Confesso que ao princípio me assustava tanta algazarra desnecessária quando uma
simples combinação de horário poderia resolver a questão. Depois comecei-me a
habituar com espasmos cada vez menos pronunciados e palavrões em escala
decrescente.
Nos últimos tempos o padeiro
deixou de vir diariamente, talvez por ter outros afazeres, talvez porque
resolveu abrandar o ritmo da volta às aldeias. Em seu lugar mandou o filho, um
miúdo tranquilo que aproveita as horas vagas da escola embora muito menos
sociável do que o pai. O ritual não mudou a não ser na rapidez com que se
desenvolve. É que isto de atender o público não é uma capacidade inata em
ninguém…leva o seu tempo. Há sempre aquele cliente que reclama das carcaças que
comprou ontem, o outro que deita um longo olhar para dentro da caixa da
carrinha para de seguida se pôr a pedir aquilo que não há, já para não falar na
epopeia dos trocos que, como todos sabemos, além de difíceis de arranjar
ninguém parece ter. O rapaz chega à entrada da rua, agarra-se à buzina da
carrinha como se não houvesse amanhã e, logo de seguida, arranca em direcção à
outra ponta da rua. Os primeiros potenciais compradores têm apenas tempo para
pôr o nariz de fora para se aperceberem que se quiserem pão vão ter que ir à
padaria.
Ao fim do dia não faço ideia que
contas é que pai e filho farão e qual o balanço diário da padaria itinerante.

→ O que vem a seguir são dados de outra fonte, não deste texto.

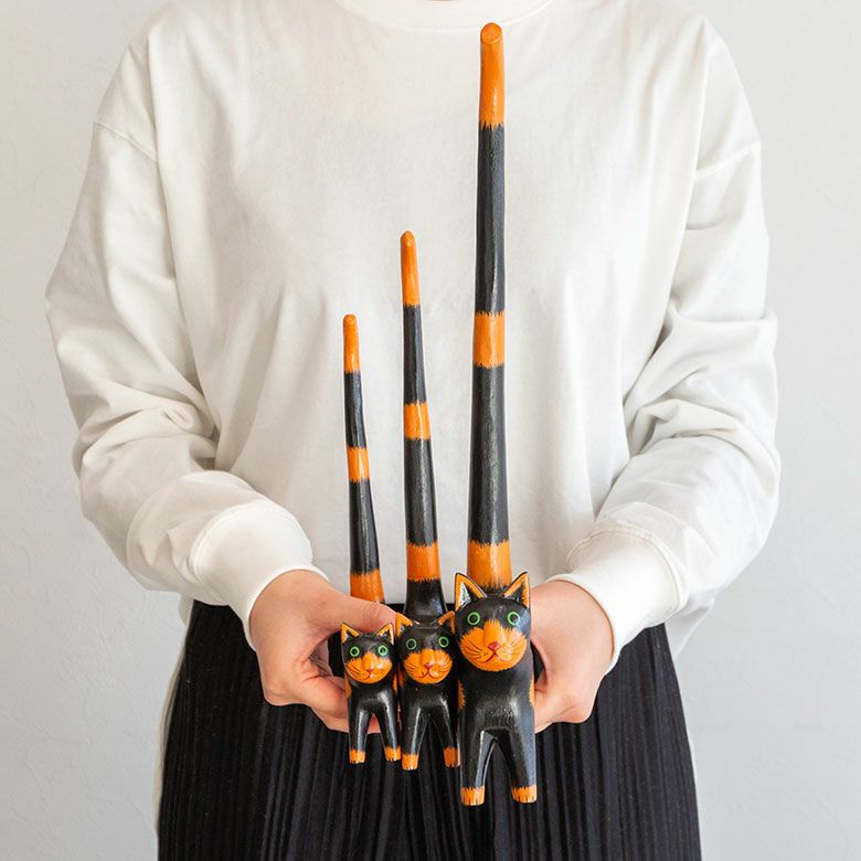 しっぽのながい木彫りバリネコ[ 3匹セット ]
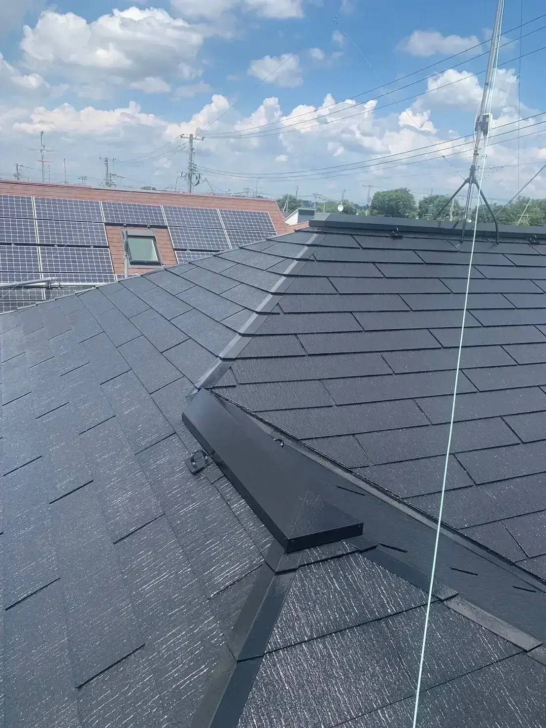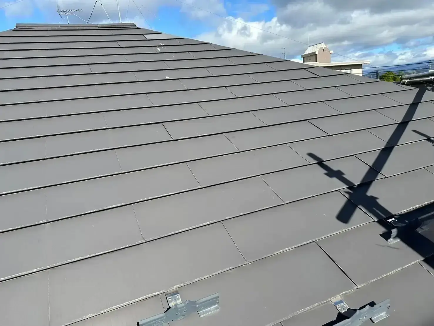 高耐候性塗料で仕上げたことで、屋根全体が均一な艶を取り戻し、紫外線や雨から守る防水性能も回復。外観も美しく生まれ変わり、建物の耐久性が大幅に向上しました。
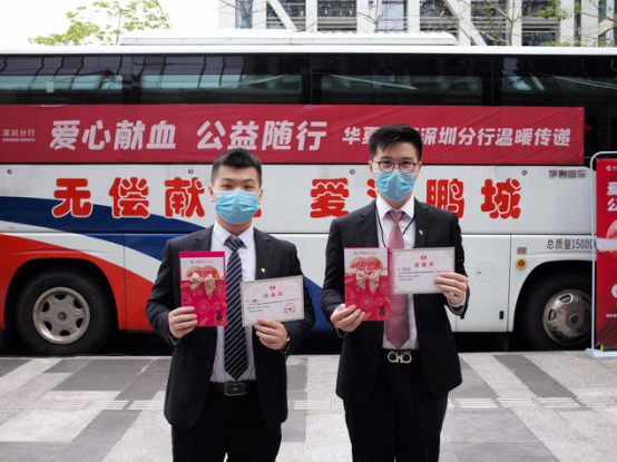 華夏銀行深圳分行行領(lǐng)導(dǎo)先后看望、慰問(wèn)獻(xiàn)血員工。深圳市血液中心向華夏銀行深圳分行頒授感謝獎(jiǎng)牌,深圳分行孫海強(qiáng)副行長(zhǎng)代表分行向血液中心捐贈(zèng)1000只口罩。
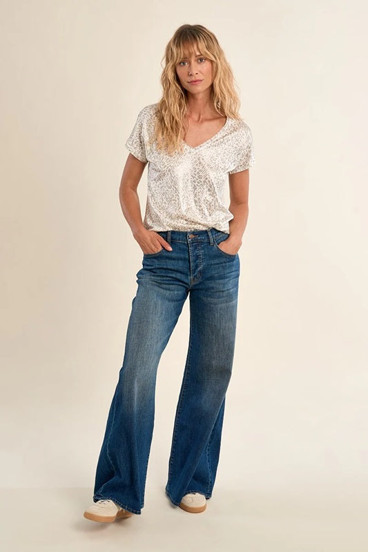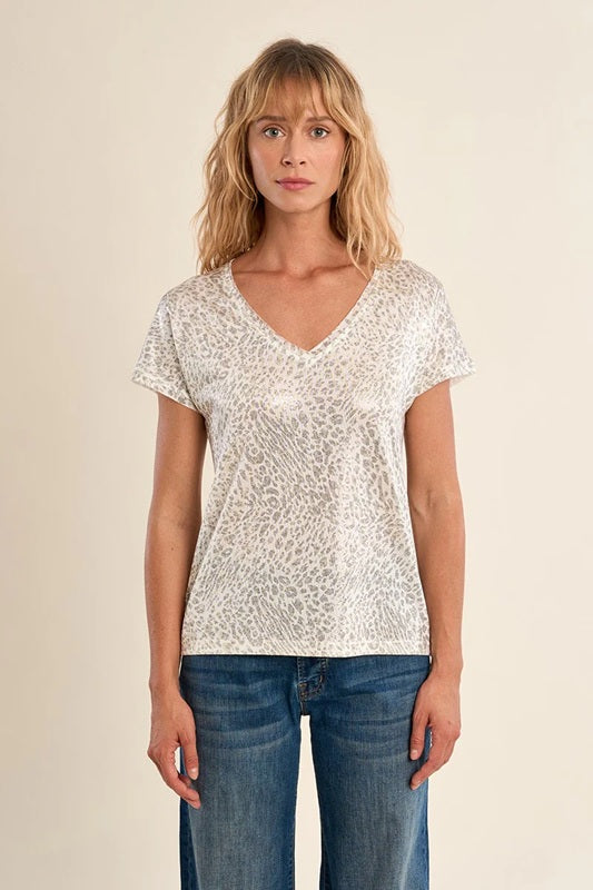 Off white dolman style iridescent t-shirt with cap sleeves. this V-neck short sleeve top features an all over leopard print.
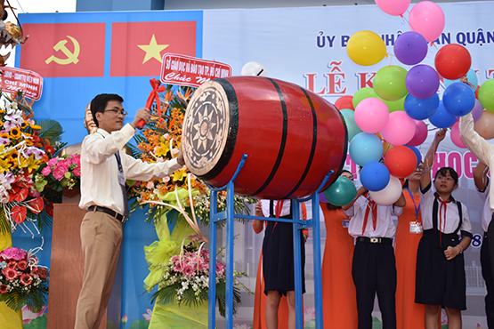 | Ông Lê Đình Thảo – Hiệu trưởng nhà trường đánh trống khai giảng năm học mới |
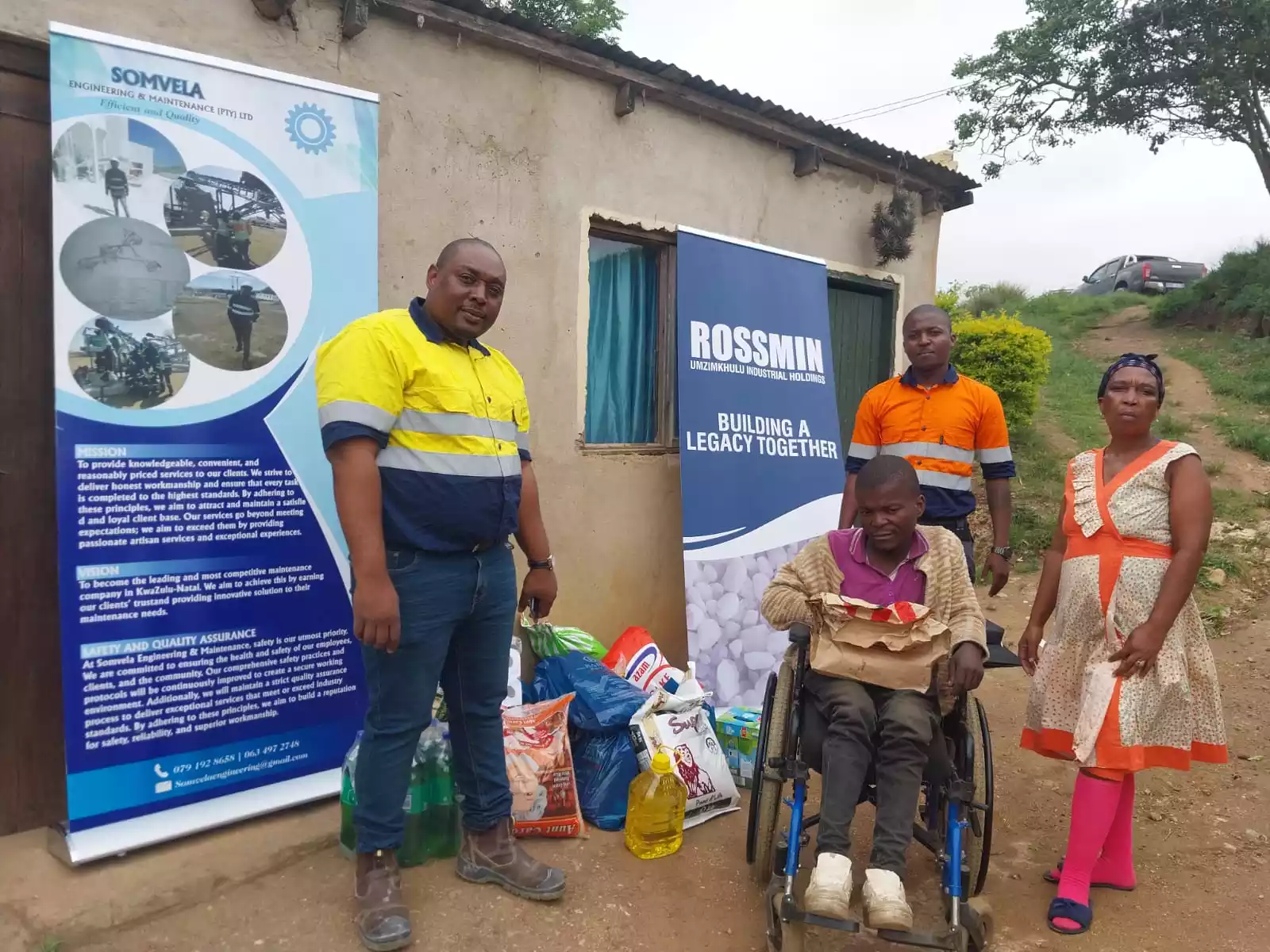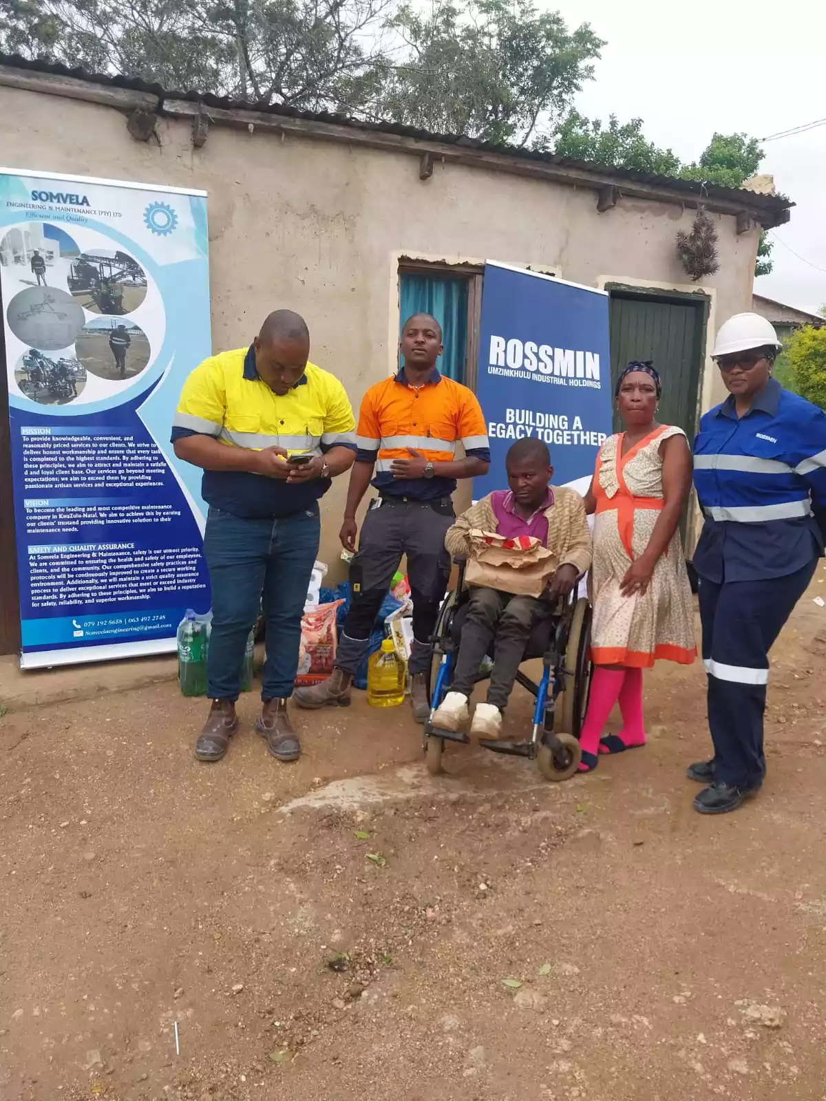 At Rossmin, we are proud to work closely with contractors, many of whom are from the surrounding communities. One such example of this collaboration is our partnership with Somvela Engineering company, a contractor from Kwamadlala. Recently, the team noticed a disabled man from the Oshabeni community and decided to act.
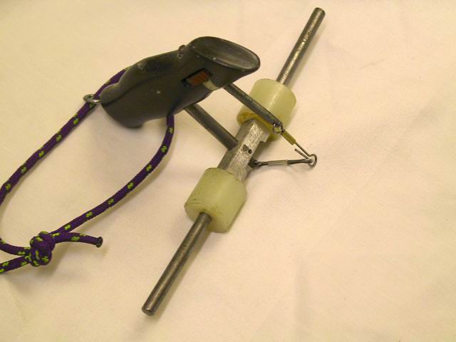 Dolaďovanie neutrálnej polohy výškového kormidla je celkom praktické, hlavne bez toho, aby sa museli medzi lanko a karabínku vkladat predlžovacie segmenty, ktoré sú vlastne tvorené karabínkami rôznych dĺžok. Preto uvádzam ako jedno z možných riešení takejto regulovateľnej rukoväte je opísané v TOMTO článku.
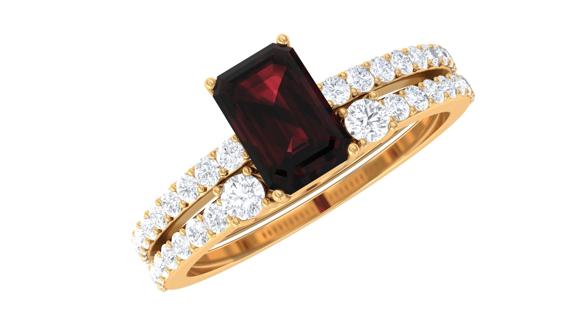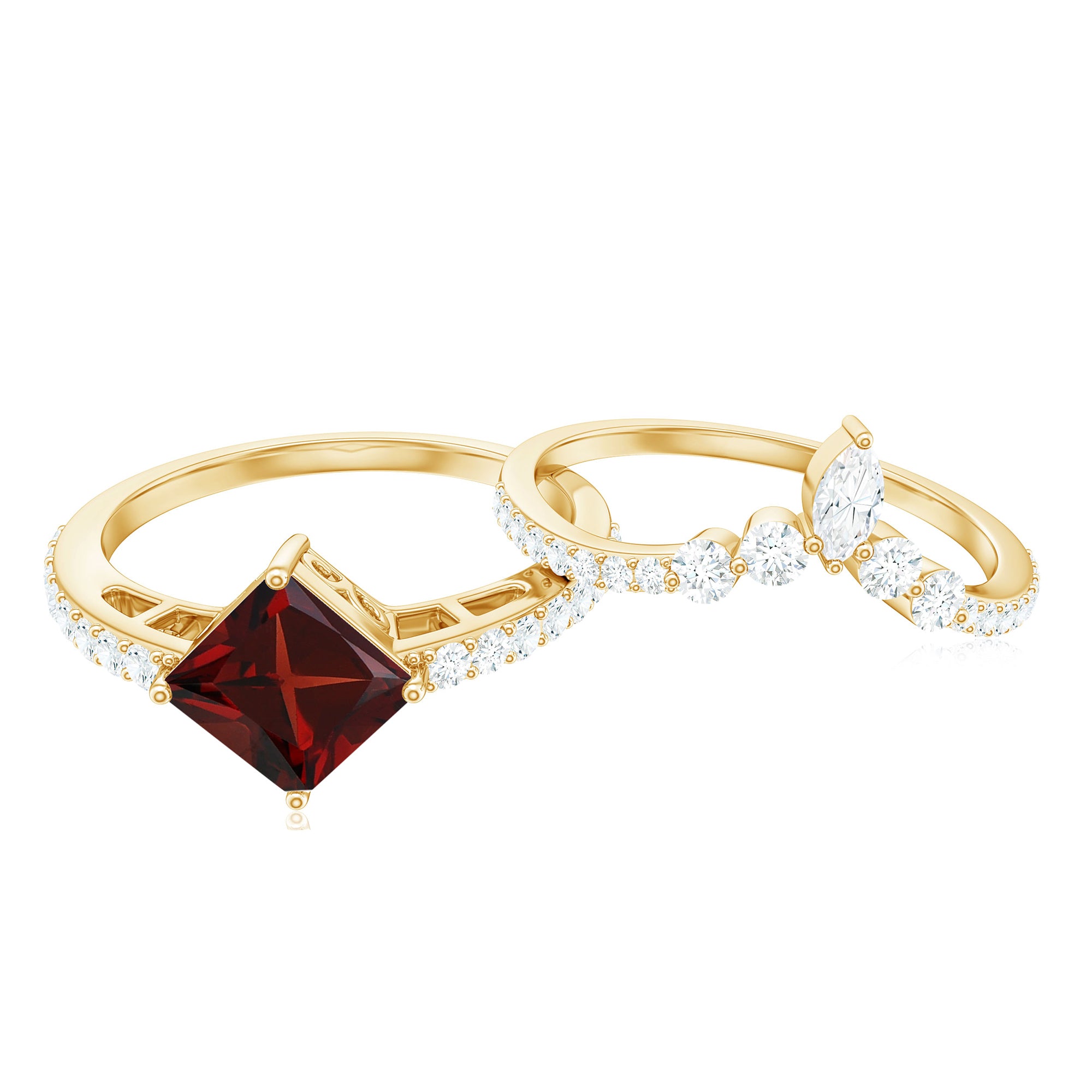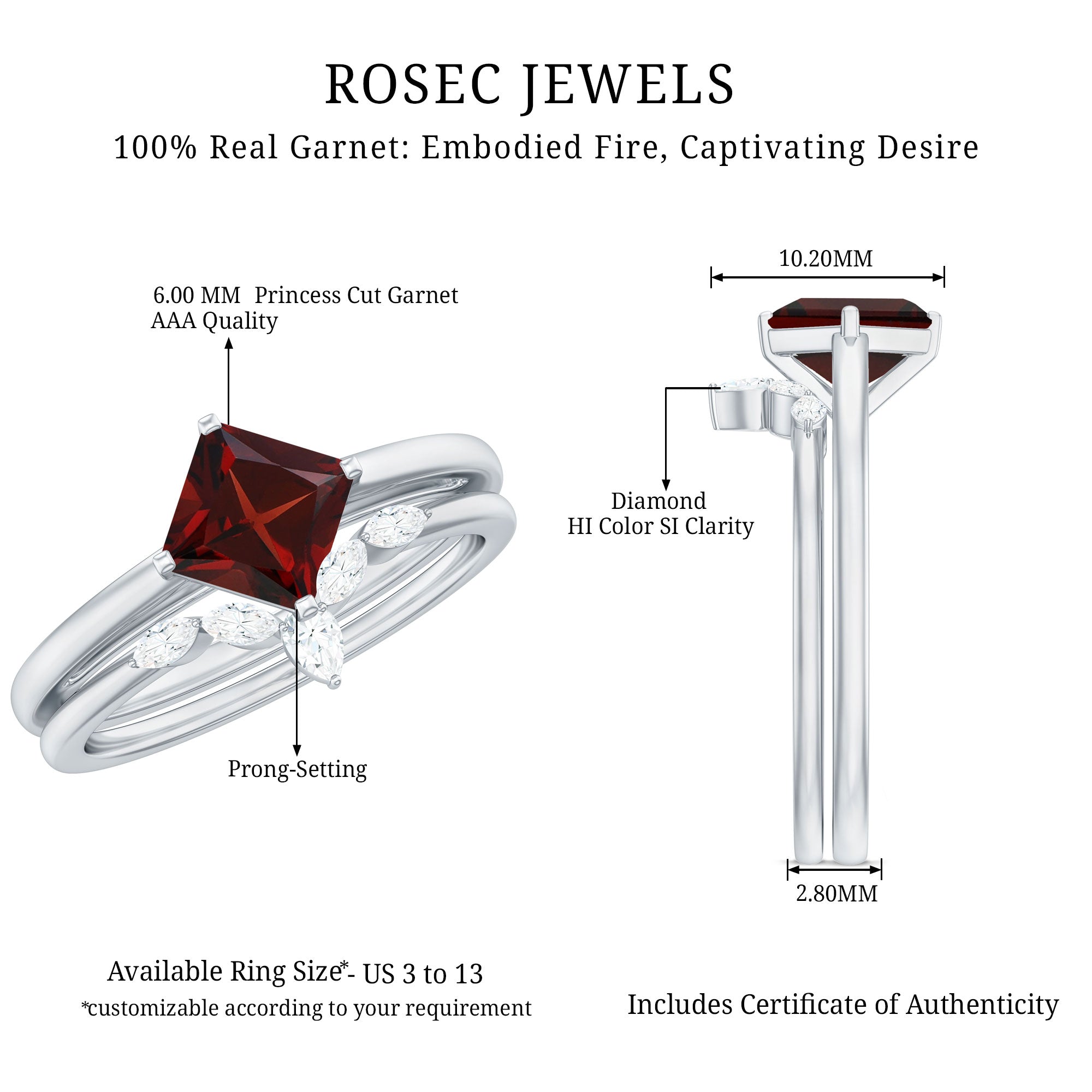 Garnet wedding rings from Rosec Jewels will leave your better half astound when the wedding ring slides down her finger, a moment that is going to sit in her memory forever. Featuring natural garnets, the member of silicate family of minerals and have loved for their wide spectrum of colors of almost all the shades. This great diversity in helps jewelers to employ red garnets while handcrafting garnet rings for women. Our artisans are as well after curating January birthstone rings for wedding that boast of fine and delicate designs.

Mas a atitude do filho do padeiro faz-me lembrar o “autovoucher” do Governo
para minimizar o impacto do aumento dos combustíveis. Por cada pipa de massa
que gastar a consumir o seu combustível, traga a factura e troque por um
apoio…zinho de 0,00005 %.
Ou seja, o consumidor é toureado
com todo o cenário que indica precisamente o contrário. Temos padaria, temos
serviço itinerante ao cliente…o que não temos é pão.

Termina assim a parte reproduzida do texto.